Results are written to `data/perf-metrics/latest.json` (and a timestamped copy).

## Configuration

Performance metrics are mounted read-only at `/home/jovyan/perf-metrics/` inside the Jupyter container.

In [None]:
import json
import os
from pathlib import Path
from datetime import datetime

import pandas as pd
from IPython.display import display

METRICS_DIR = Path("/home/jovyan/perf-metrics")

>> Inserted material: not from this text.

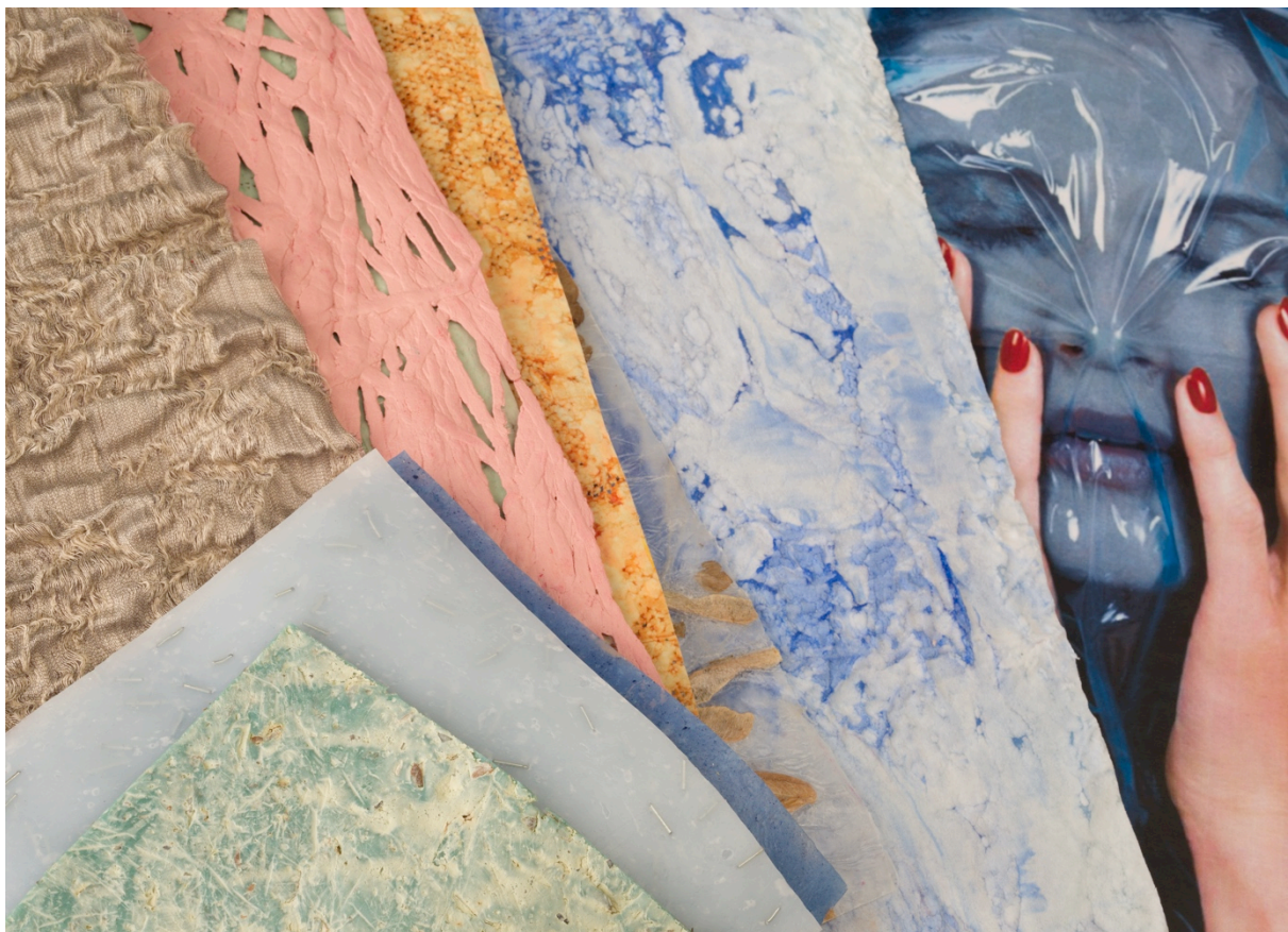
Figure 2. Experimental Sample Collection through Visual Research, Helmi Liikanen, 2016

More importantly, the organization of thoughts through diverse visual media creates a communication "bridge" among engineering and design students that allows for crossing over field specific terminologies and mind-sets.

print(f"Metrics directory: {METRICS_DIR}")
if METRICS_DIR.exists():
    files = sorted(METRICS_DIR.glob("*.json"))
    print(f"Found {len(files)} result file(s): {[f.name for f in files]}")
else:
    print("Metrics directory not found. Run ./lab perf-test to generate data.")
    files = []

## Load Latest Results

Parse `latest.json` and display a summary table.

In [None]:
latest_file = METRICS_DIR / "latest.json"
data = None

if latest_file.exists():
    with open(latest_file) as f:
        data = json.load(f)

    # Display top-level summary
    if isinstance(data, dict):
        # Show metadata
        for key in ["timestamp", "total_duration", "total_issued", "total_revoked"]:
            if key in data:
                print(f"{key}: {data[key]}")

        # Per-PKI summary
        pki_results = data.get("results", data.get("pki_types", {}))
        if isinstance(pki_results, dict):
            rows = []
            for pki, metrics in pki_results.items():
                if isinstance(metrics, dict):
                    rows.append({"pki_type": pki, **metrics})
            if rows:
                print("\nPer-PKI Summary:")
                display(pd.DataFrame(rows).set_index("pki_type"))
        elif isinstance(pki_results, list):
            print("\nPer-PKI Summary:")
            display(pd.DataFrame(pki_results))
        else:
            print(json.dumps(data, indent=2))
    else:
        print(json.dumps(data, indent=2))
else:
    print("No latest.json found. Run ./lab perf-test to generate data.")

## Throughput Comparison

Issuance and revocation rates (certs/sec) per PKI type.

In [None]:
if data and isinstance(data, dict):
    pki_results = data.get("results", data.get("pki_types", {}))
    if isinstance(pki_results, dict):
        rows = []
        for pki, metrics in pki_results.items():
            if isinstance(metrics, dict):
                rows.append({
                    "PKI Type": pki.upper(),
                    "Issue Rate (certs/s)": metrics.get("issue_rate", 0),
                    "Revoke Rate (certs/s)": metrics.get("revoke_rate", 0),
                })
        if rows:
            df = pd.DataFrame(rows).set_index("PKI Type")
            print("Throughput Comparison:")
            display(df)

            # Simple text bar chart
            print("\nIssuance Rate:")
            max_rate = max(r["Issue Rate (certs/s)"] for r in rows) or 1
            for r in rows:
                bar_len = int(40 * r["Issue Rate (certs/s)"] / max_rate)
                bar = "█" * bar_len
                print(f"  {r['PKI Type']:6s} {bar} {r['Issue Rate (certs/s)']:.1f}/s")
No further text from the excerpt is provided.